◆ **SOURCE MATERIAL**
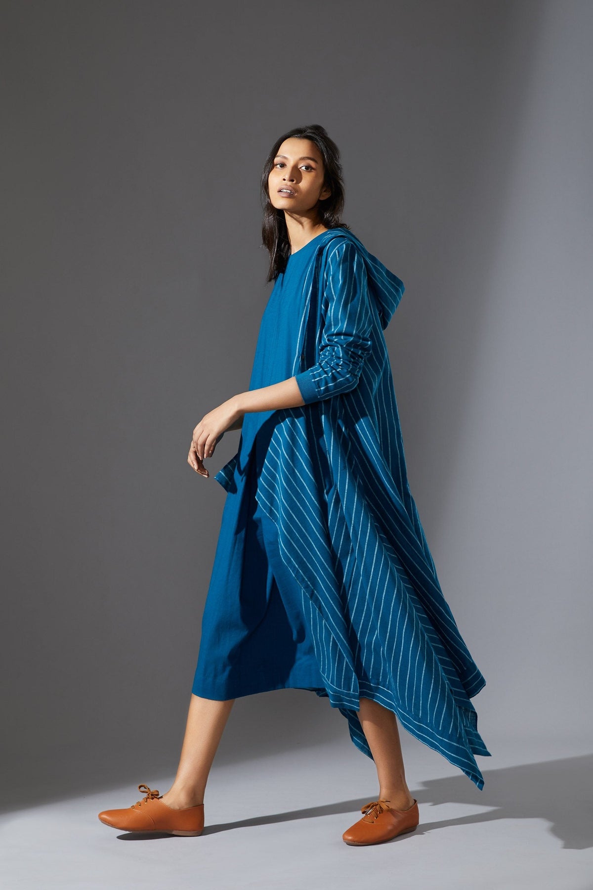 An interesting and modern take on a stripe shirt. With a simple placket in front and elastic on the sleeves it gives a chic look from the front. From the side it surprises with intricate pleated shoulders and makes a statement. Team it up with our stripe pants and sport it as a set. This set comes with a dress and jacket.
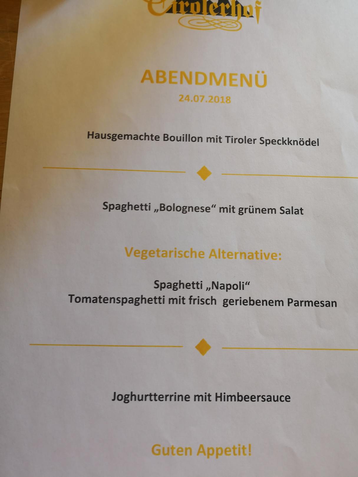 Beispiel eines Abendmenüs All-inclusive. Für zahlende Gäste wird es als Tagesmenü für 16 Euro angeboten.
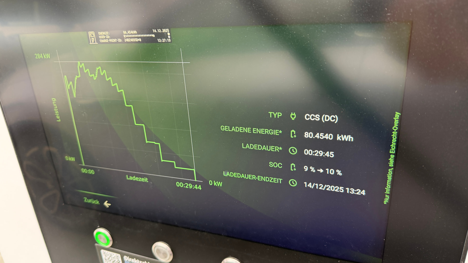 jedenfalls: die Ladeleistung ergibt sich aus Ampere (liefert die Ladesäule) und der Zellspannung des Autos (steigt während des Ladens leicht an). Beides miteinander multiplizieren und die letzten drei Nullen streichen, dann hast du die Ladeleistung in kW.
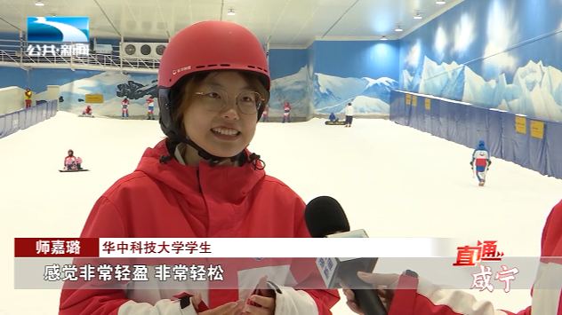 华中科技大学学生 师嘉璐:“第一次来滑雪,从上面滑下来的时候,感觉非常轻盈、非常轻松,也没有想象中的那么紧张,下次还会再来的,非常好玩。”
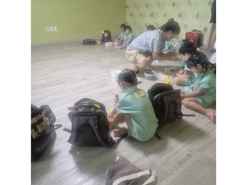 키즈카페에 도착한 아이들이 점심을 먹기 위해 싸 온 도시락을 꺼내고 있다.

◆ **TASK REQUIREMENTS**
Word for word, return all the entries and skip their pictures.

◆ **RESPONSE**
 An interesting and modern take on a stripe shirt. With a simple placket in front and elastic on the sleeves it gives a chic look from the front. From the side it surprises with intricate pleated shoulders and makes a statement. Team it up with our stripe pants and sport it as a set. This set comes with a dress and jacket.
 Beispiel eines Abendmenüs All-inclusive. Für zahlende Gäste wird es als Tagesmenü für 16 Euro angeboten.
 jedenfalls: die Ladeleistung ergibt sich aus Ampere (liefert die Ladesäule) und der Zellspannung des Autos (steigt während des Ladens leicht an). Beides miteinander multiplizieren und die letzten drei Nullen streichen, dann hast du die Ladeleistung in kW.
 华中科技大学学生 师嘉璐:“第一次来滑雪,从上面滑下来的时候,感觉非常轻盈、非常轻松,也没有想象中的那么紧张,下次还会再来的,非常好玩。”
 키즈카페에 도착한 아이들이 점심을 먹기 위해 싸 온 도시락을 꺼내고 있다.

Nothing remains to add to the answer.